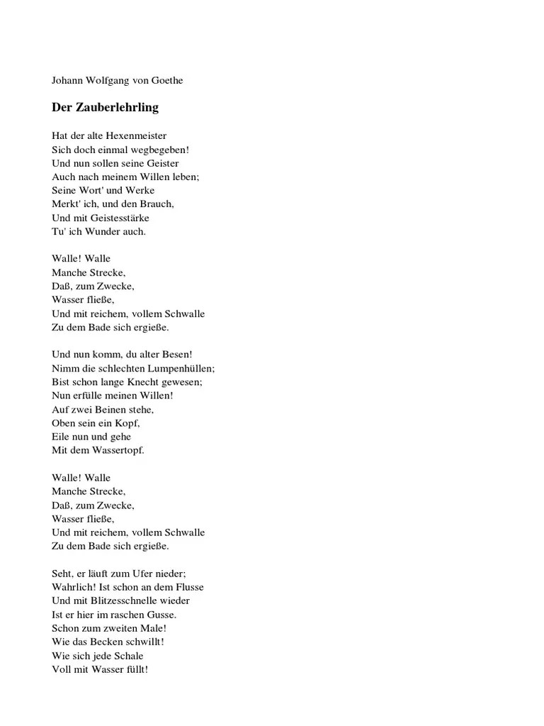 Zitat von johann wolfgang von goethe · „hast du einen menschen gern, so musst du ihn versteh'n. Der zauberlehrling ist eine ballade von johann wolfgang von goethe, die zu seinen populärsten werken gehört. 138, a| die geister, die ich rief …, aufgabe 2. Die ich rief, die geister. Werde ich nun nicht mehr los.
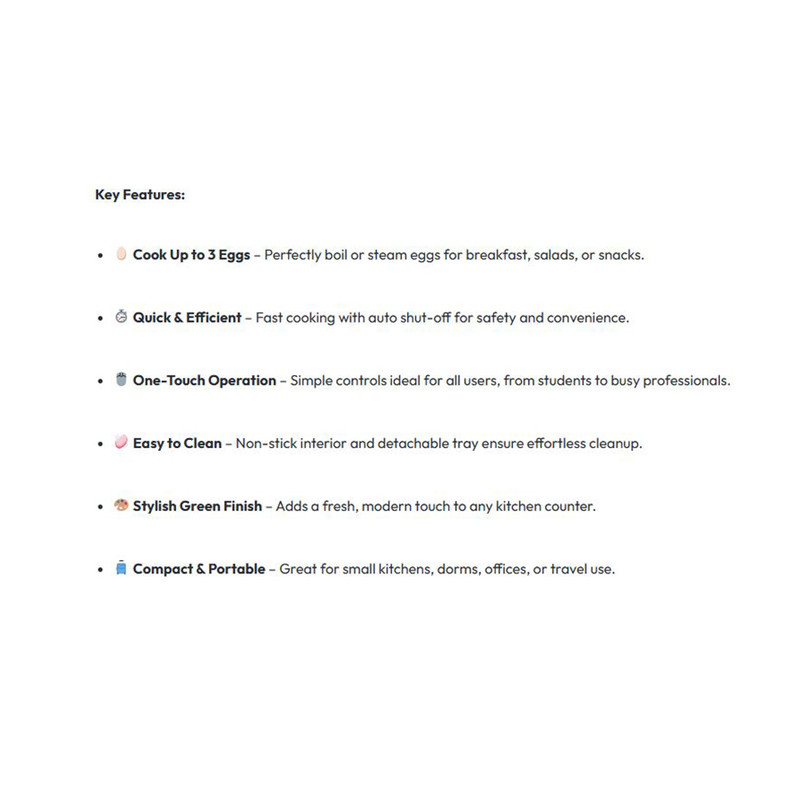 ظرفیت ۳ تخممرغ | توان ۲۱۰ وات | مخزن آب ۱۰۰ میلیلیتر | طراحی جمعوجور | جنس بدنه: پلاستیک PC مقاوم و بدون BPA | جنس سینی: ترکیب پلاستیک PP و استیل ضدزنگ با پوشش نچسب | پوشش نچسب و تایمر ۸ تا ۱۵ دقیقهای | فنجان اندازهگیری و دفترچه راهنما | خاموشی خودکار: ایمنی بیشتر و جلوگیری از پخت بیش از حد تخممرغ
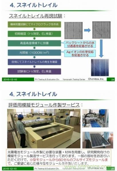 Chemitox提供制作這種驗證用太陽能電池板和再現(xiàn)蝸牛紋產(chǎn)生條件的服務,推動了開發(fā)。例如,封裝材料廠商只需帶來想驗證的封裝材料,從電池板的制作到評測就就能全部完成。

ASSIGNMENT: Print out the material word for word, omitting the pictures.

RESULT:
 Zitat von johann wolfgang von goethe · „hast du einen menschen gern, so musst du ihn versteh'n. Der zauberlehrling ist eine ballade von johann wolfgang von goethe, die zu seinen populärsten werken gehört. 138, a| die geister, die ich rief …, aufgabe 2. Die ich rief, die geister. Werde ich nun nicht mehr los.
 ظرفیت ۳ تخممرغ | توان ۲۱۰ وات | مخزن آب ۱۰۰ میلیلیتر | طراحی جمعوجور | جنس بدنه: پلاستیک PC مقاوم و بدون BPA | جنس سینی: ترکیب پلاستیک PP و استیل ضدزنگ با پوشش نچسب | پوشش نچسب و تایمر ۸ تا ۱۵ دقیقهای | فنجان اندازهگیری و دفترچه راهنما | خاموشی خودکار: ایمنی بیشتر و جلوگیری از پخت بیش از حد تخممرغ
 Chemitox提供制作這種驗證用太陽能電池板和再現(xiàn)蝸牛紋產(chǎn)生條件的服務,推動了開發(fā)。例如,封裝材料廠商只需帶來想驗證的封裝材料,從電池板的制作到評測就就能全部完成。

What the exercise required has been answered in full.